For the entries below, the expected answer is the line with "PORT DALHOUSIE WATERFRONT", the line with "3 Level custom", and every line between them, exactly as written, and nothing more.

* **Data supplied**

•••

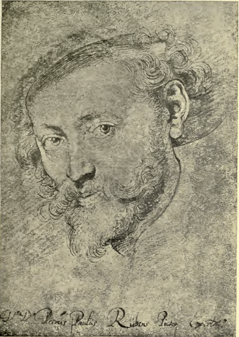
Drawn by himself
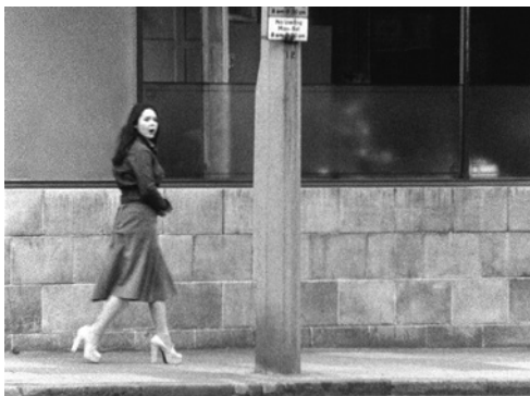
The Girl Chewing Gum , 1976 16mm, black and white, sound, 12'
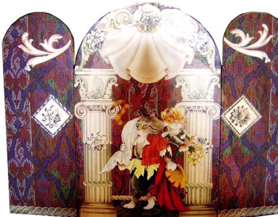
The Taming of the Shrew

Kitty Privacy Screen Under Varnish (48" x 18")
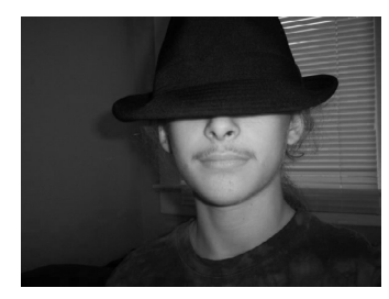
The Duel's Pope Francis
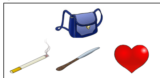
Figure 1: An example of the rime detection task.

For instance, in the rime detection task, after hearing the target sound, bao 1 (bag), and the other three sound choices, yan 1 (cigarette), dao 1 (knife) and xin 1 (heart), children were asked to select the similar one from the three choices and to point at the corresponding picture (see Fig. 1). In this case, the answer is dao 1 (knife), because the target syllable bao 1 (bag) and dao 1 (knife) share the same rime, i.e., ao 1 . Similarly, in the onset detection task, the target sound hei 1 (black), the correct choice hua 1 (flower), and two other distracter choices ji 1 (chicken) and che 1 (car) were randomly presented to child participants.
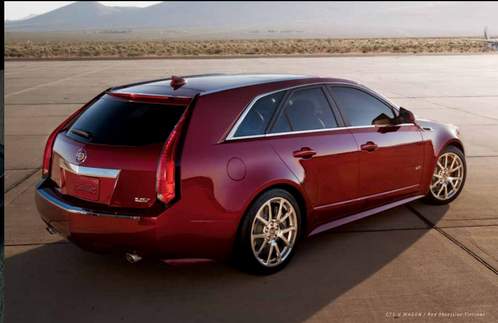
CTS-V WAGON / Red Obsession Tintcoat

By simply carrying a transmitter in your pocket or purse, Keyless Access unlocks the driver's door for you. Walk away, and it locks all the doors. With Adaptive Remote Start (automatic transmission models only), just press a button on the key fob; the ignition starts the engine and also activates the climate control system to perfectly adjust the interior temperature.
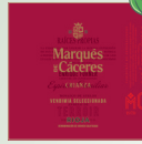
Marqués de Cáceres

•••

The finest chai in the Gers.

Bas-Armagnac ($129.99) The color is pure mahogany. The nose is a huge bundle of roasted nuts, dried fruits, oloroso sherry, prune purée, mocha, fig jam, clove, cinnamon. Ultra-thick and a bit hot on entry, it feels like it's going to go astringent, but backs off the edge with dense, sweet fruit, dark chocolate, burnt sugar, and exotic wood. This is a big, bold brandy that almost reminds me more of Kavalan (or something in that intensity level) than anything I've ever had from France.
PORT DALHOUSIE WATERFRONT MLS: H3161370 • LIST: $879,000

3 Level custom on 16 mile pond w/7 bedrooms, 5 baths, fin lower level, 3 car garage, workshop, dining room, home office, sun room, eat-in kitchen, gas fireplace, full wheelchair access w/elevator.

•••

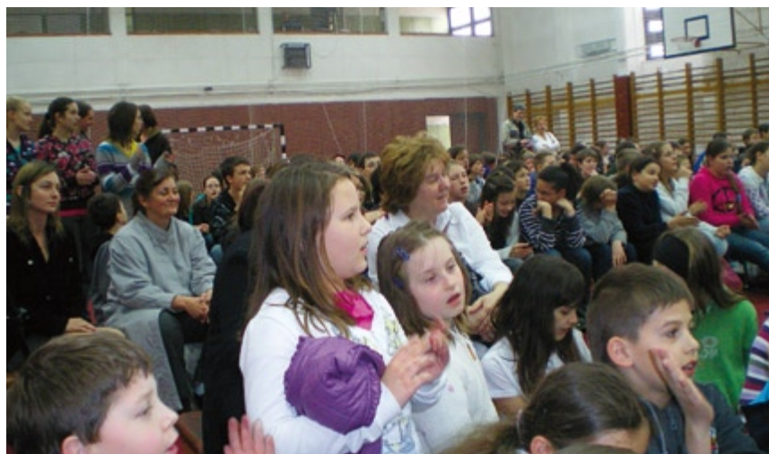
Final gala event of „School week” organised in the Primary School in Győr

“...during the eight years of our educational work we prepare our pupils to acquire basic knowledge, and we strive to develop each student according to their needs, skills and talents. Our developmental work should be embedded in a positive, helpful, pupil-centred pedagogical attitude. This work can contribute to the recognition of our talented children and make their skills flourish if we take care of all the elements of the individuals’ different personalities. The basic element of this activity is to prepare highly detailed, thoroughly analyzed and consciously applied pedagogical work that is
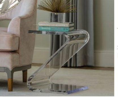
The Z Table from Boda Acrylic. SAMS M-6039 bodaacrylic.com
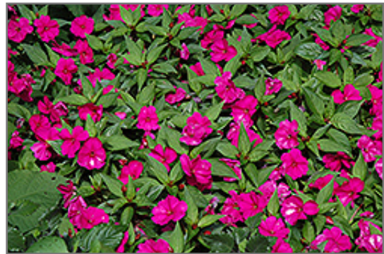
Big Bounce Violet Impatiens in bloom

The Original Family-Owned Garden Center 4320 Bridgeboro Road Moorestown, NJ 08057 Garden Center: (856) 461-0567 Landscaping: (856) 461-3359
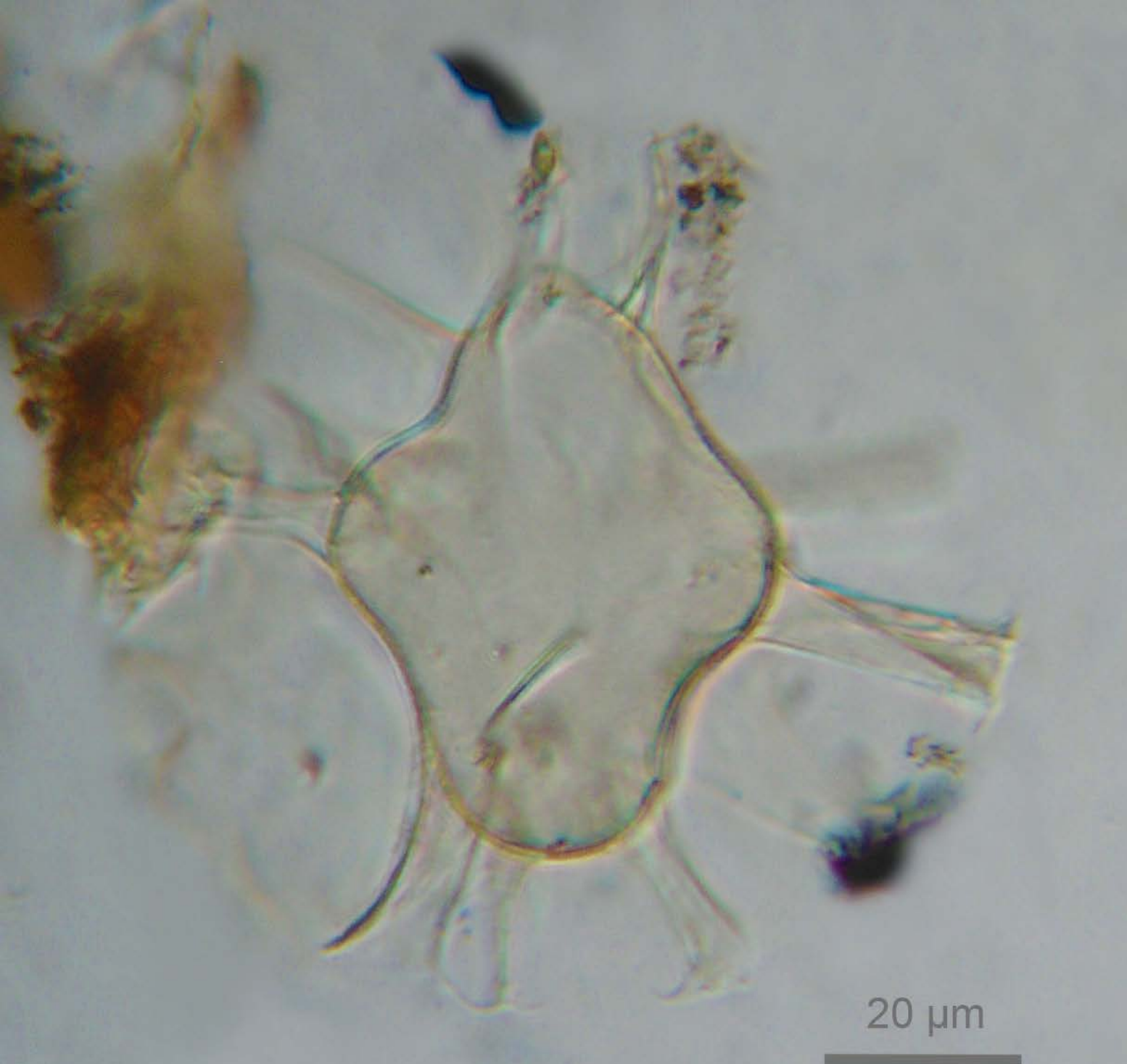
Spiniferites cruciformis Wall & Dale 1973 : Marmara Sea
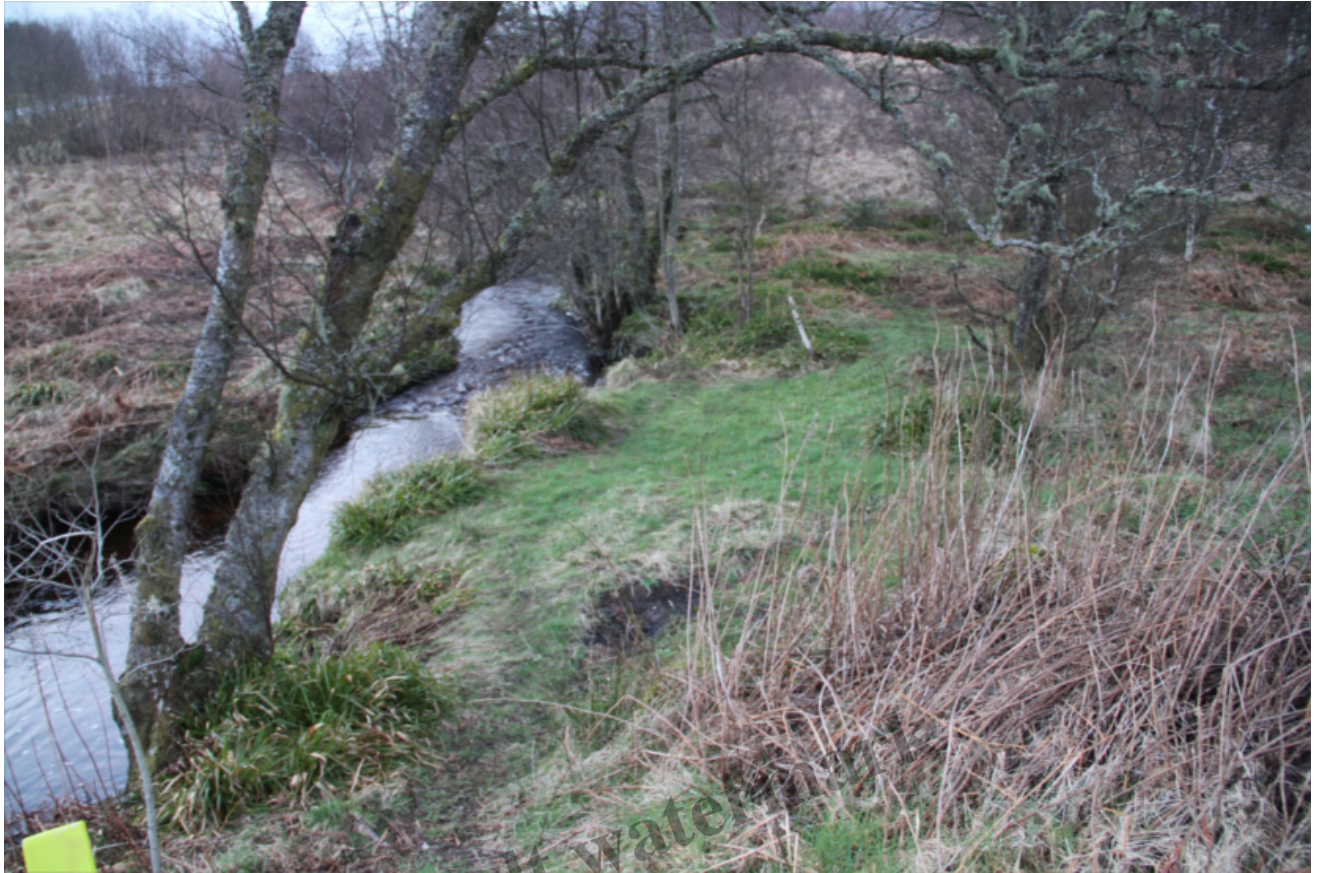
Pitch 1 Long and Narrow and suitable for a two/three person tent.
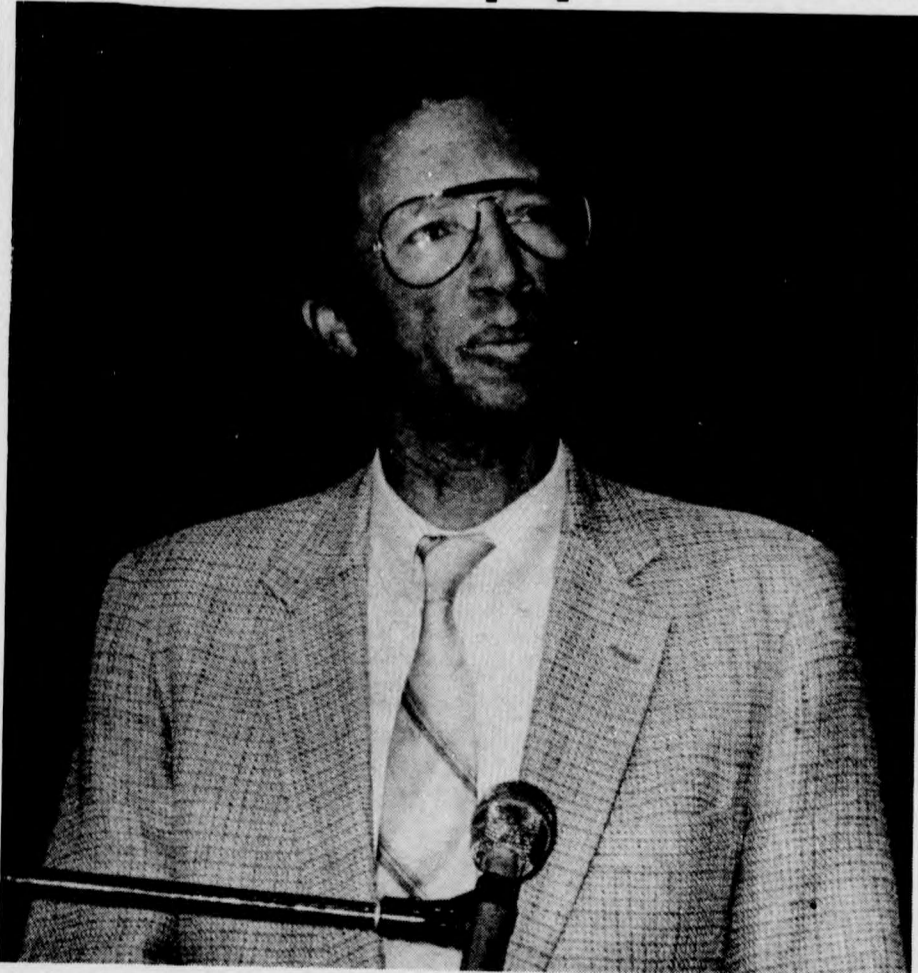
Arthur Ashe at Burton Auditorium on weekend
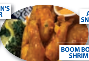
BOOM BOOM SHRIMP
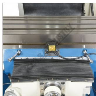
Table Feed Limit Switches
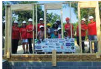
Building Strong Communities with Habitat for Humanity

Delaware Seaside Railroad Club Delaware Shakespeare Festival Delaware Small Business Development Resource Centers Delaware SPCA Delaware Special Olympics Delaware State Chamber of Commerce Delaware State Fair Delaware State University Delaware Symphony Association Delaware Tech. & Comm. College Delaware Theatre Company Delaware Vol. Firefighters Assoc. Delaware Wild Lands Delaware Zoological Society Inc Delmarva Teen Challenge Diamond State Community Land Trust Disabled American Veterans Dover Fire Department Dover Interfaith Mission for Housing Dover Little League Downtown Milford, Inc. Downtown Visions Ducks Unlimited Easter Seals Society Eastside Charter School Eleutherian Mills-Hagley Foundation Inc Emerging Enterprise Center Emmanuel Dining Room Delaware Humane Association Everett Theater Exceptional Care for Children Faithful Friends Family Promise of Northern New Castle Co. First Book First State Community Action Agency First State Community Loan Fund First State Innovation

•••

* **Output**
PORT DALHOUSIE WATERFRONT MLS: H3161370 • LIST: $879,000

3 Level custom on 16 mile pond w/7 bedrooms, 5 baths, fin lower level, 3 car garage, workshop, dining room, home office, sun room, eat-in kitchen, gas fireplace, full wheelchair access w/elevator.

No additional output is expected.